The answer should be every line below, repeated exactly, with the images left out.

== Data shown ==

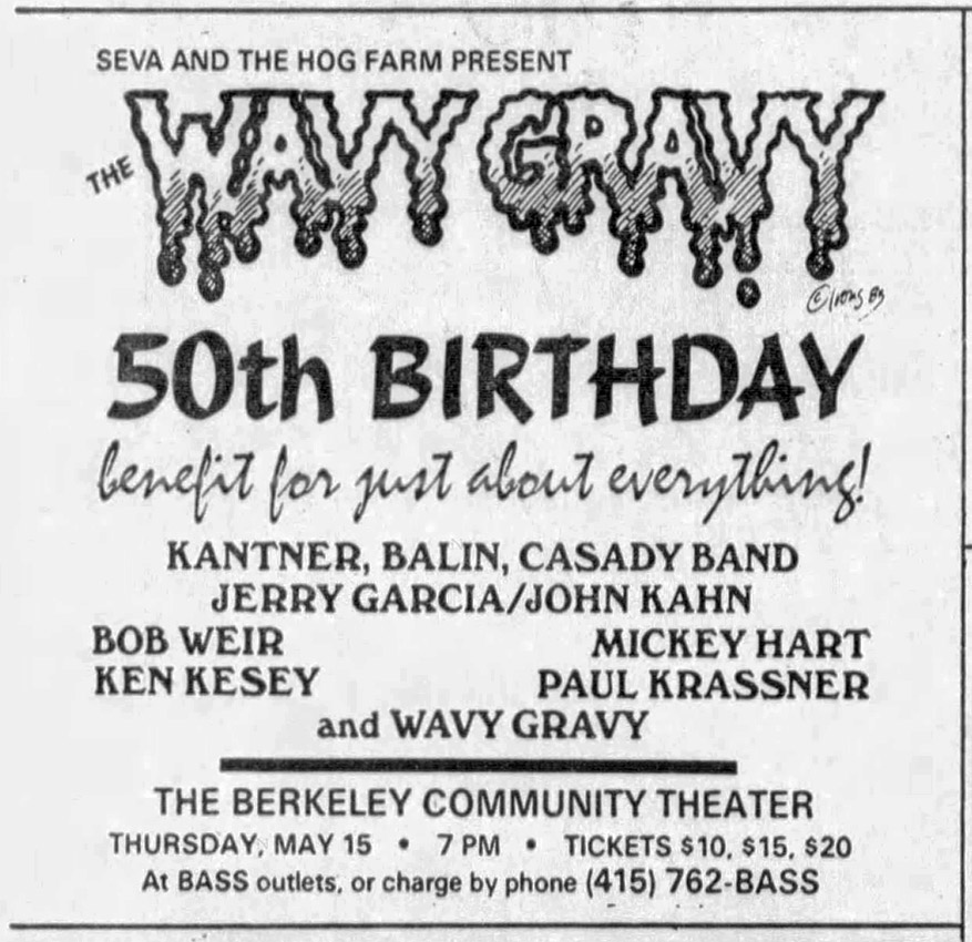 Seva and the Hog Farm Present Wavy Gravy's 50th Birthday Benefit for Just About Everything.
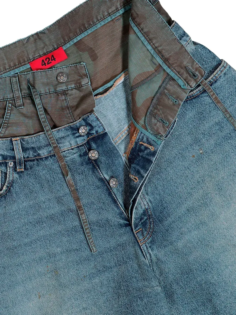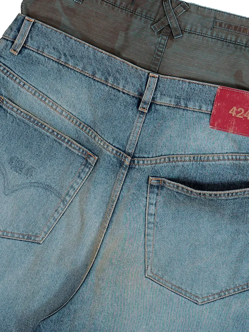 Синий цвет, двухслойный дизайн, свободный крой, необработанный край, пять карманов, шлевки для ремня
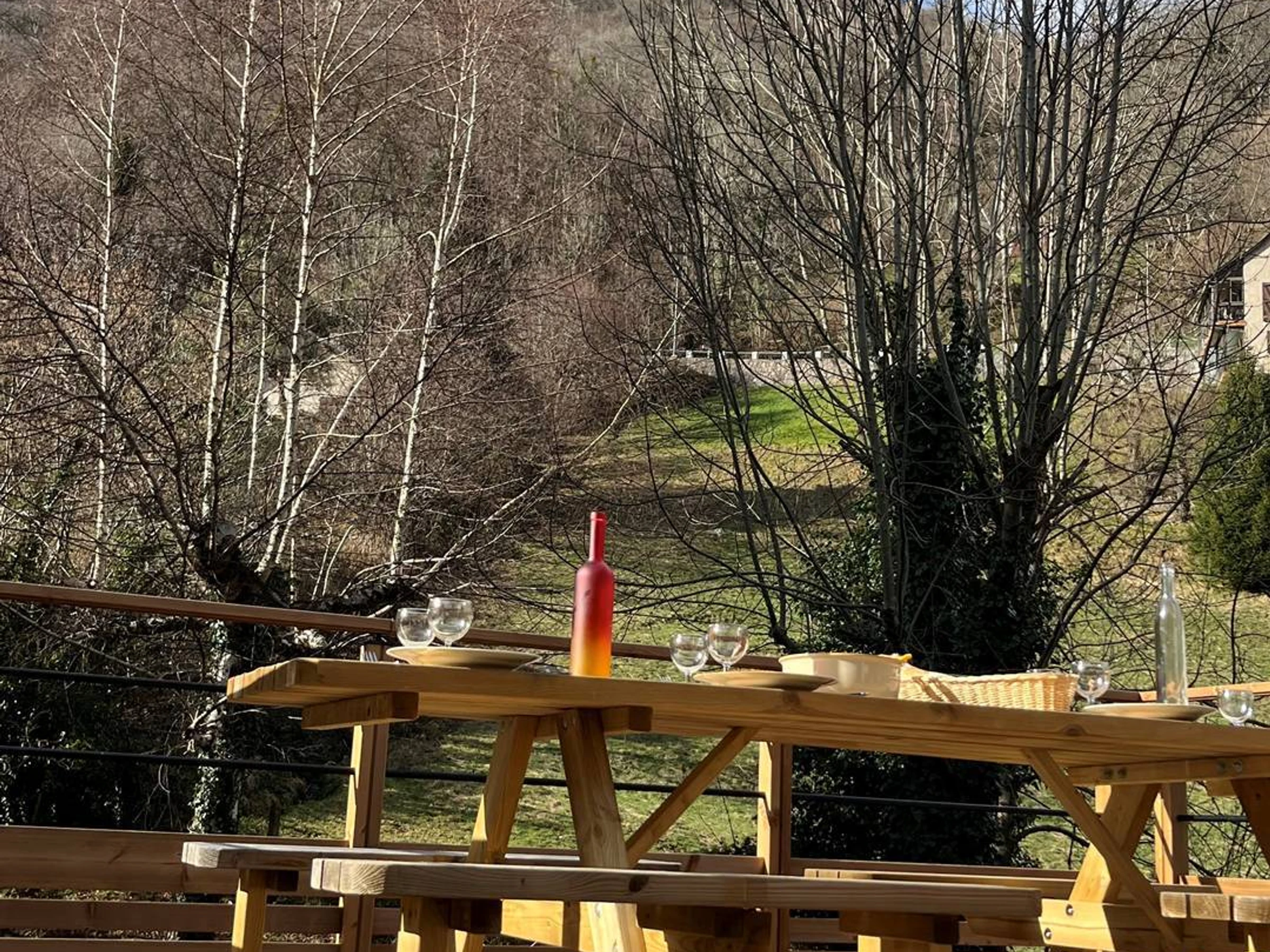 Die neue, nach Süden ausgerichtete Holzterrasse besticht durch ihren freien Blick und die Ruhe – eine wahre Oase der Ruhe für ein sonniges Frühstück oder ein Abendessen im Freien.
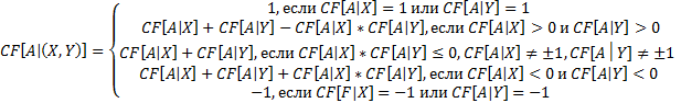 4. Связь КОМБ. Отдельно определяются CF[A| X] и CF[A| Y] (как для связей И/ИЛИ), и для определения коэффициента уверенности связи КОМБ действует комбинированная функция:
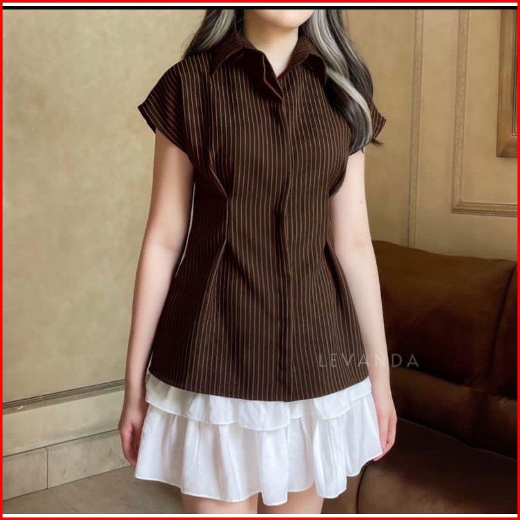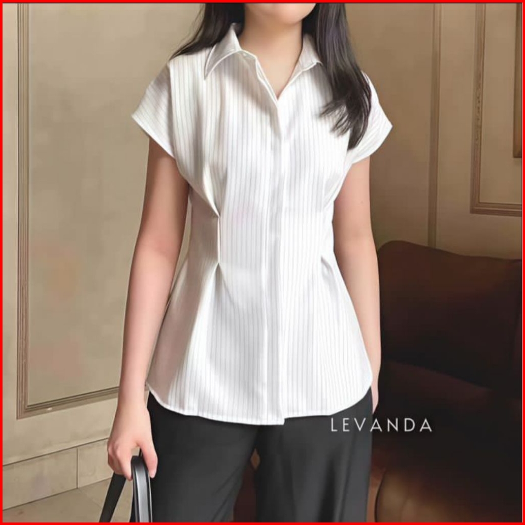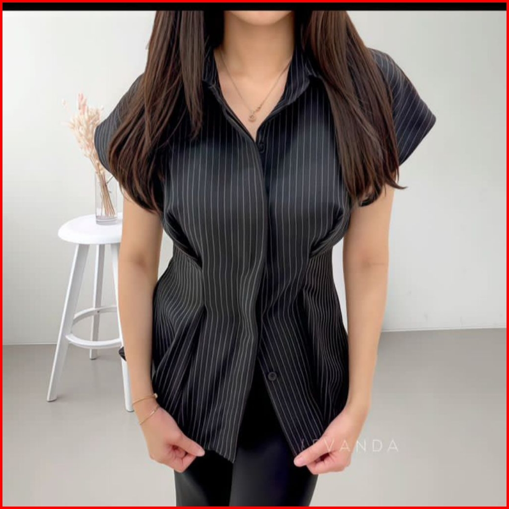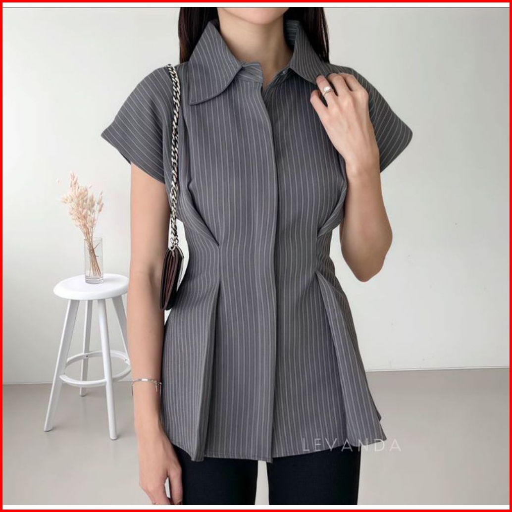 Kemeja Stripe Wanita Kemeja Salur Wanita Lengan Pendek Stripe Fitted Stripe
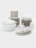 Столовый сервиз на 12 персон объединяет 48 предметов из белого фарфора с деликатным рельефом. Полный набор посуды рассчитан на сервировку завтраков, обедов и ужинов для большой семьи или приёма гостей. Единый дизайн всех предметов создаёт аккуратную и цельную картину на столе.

===

| Response to this task |
 Seva and the Hog Farm Present Wavy Gravy's 50th Birthday Benefit for Just About Everything.
 Синий цвет, двухслойный дизайн, свободный крой, необработанный край, пять карманов, шлевки для ремня
 Die neue, nach Süden ausgerichtete Holzterrasse besticht durch ihren freien Blick und die Ruhe – eine wahre Oase der Ruhe für ein sonniges Frühstück oder ein Abendessen im Freien.
 4. Связь КОМБ. Отдельно определяются CF[A| X] и CF[A| Y] (как для связей И/ИЛИ), и для определения коэффициента уверенности связи КОМБ действует комбинированная функция:
 Kemeja Stripe Wanita Kemeja Salur Wanita Lengan Pendek Stripe Fitted Stripe
 Столовый сервиз на 12 персон объединяет 48 предметов из белого фарфора с деликатным рельефом. Полный набор посуды рассчитан на сервировку завтраков, обедов и ужинов для большой семьи или приёма гостей. Единый дизайн всех предметов создаёт аккуратную и цельную картину на столе.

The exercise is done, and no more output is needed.